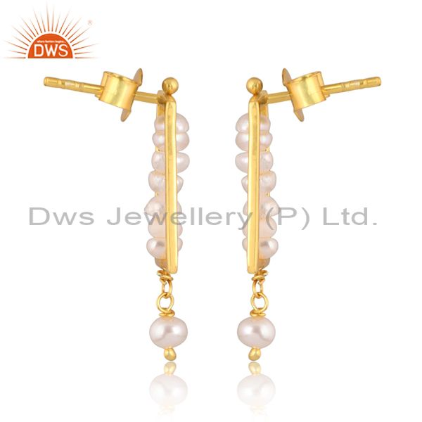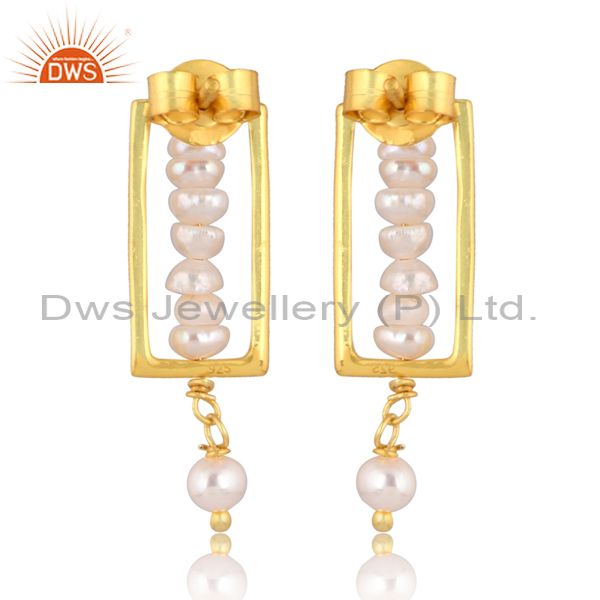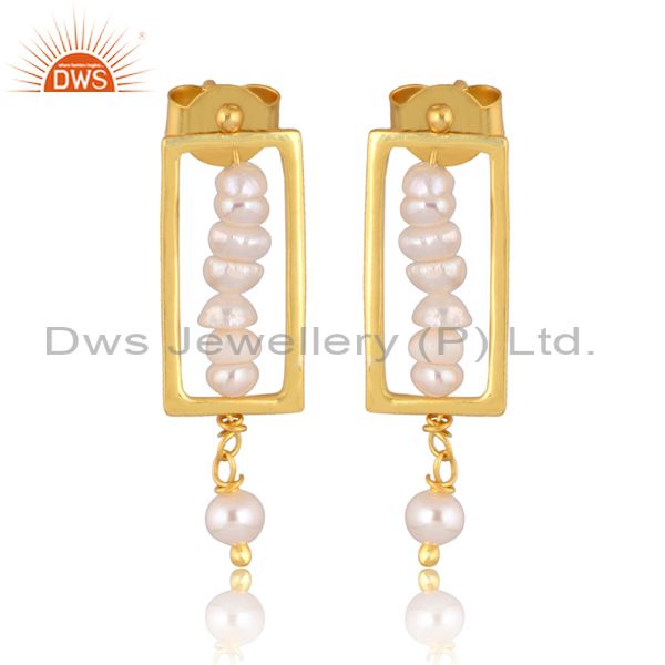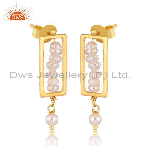 Pearl Set Gold On Sterling Silver Long Rectangular Earrings
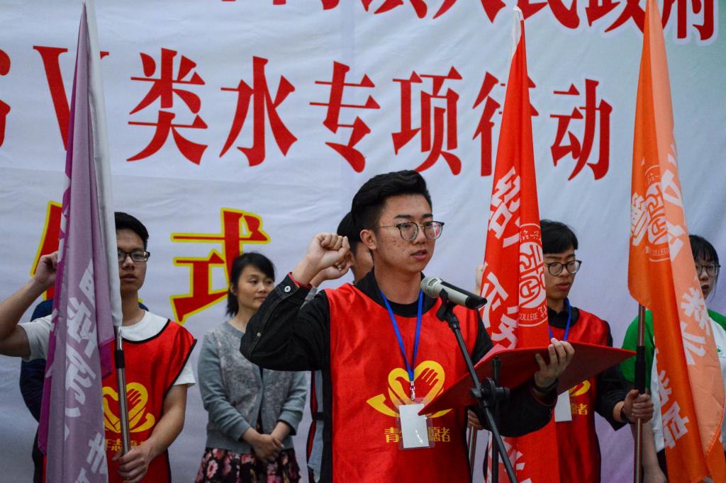 “我以青春的名义,自觉响应‘剿灭劣Ⅴ类水’集结号令,助力“五水共治”,激浊扬清,以青春意志,树时代榜样,齐心协力……”近日,两百余名治水志愿者汇聚一堂,集体郑重宣誓,共同吹响“全面剿灭劣Ⅴ类水”的集结号,为美丽水乡建设贡献青年学子的智慧与力量。
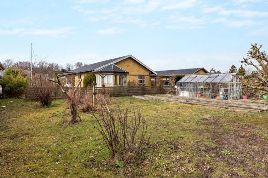 Foto: DanBolig BornholmHave med plads til udelivUdendørs folder haven sig ud mod syd med en stor fliseterrasse langs huset. Her er både køkkenhave, drivhus, pavillon og grøn plæne – oplagt til både afslapning og aktiviteter i sommerhalvåret.
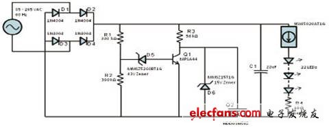 电容C1两端之电压维持在80 V与90 V之间。C1存储的电荷为恒流稳流器(CCR) (NSI45020AT1G)及LED串(此电路示例中含22颗LED)供电。CCR将LED串的电流维持在20 mA。电路中包含与LED串联的电阻R4 (10 Ω, 1.0 %),用于测量LED串电流(200 mV = 20 mA)。
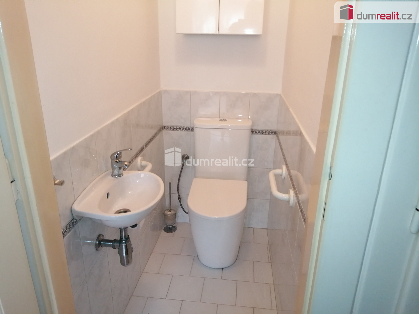 Samostatné WC, koupelna s nadstandardním sprchovým koutem, koupelnovým nábytkem, umyvadlem.

Activity
In the copy, include exactly the lines from the one with "Foto: DanBolig BornholmHave" through the final line of the data, both ends included, and no pictures.

Solution for this problem
 Foto: DanBolig BornholmHave med plads til udelivUdendørs folder haven sig ud mod syd med en stor fliseterrasse langs huset. Her er både køkkenhave, drivhus, pavillon og grøn plæne – oplagt til både afslapning og aktiviteter i sommerhalvåret.
 电容C1两端之电压维持在80 V与90 V之间。C1存储的电荷为恒流稳流器(CCR) (NSI45020AT1G)及LED串(此电路示例中含22颗LED)供电。CCR将LED串的电流维持在20 mA。电路中包含与LED串联的电阻R4 (10 Ω, 1.0 %),用于测量LED串电流(200 mV = 20 mA)。
 Samostatné WC, koupelna s nadstandardním sprchovým koutem, koupelnovým nábytkem, umyvadlem.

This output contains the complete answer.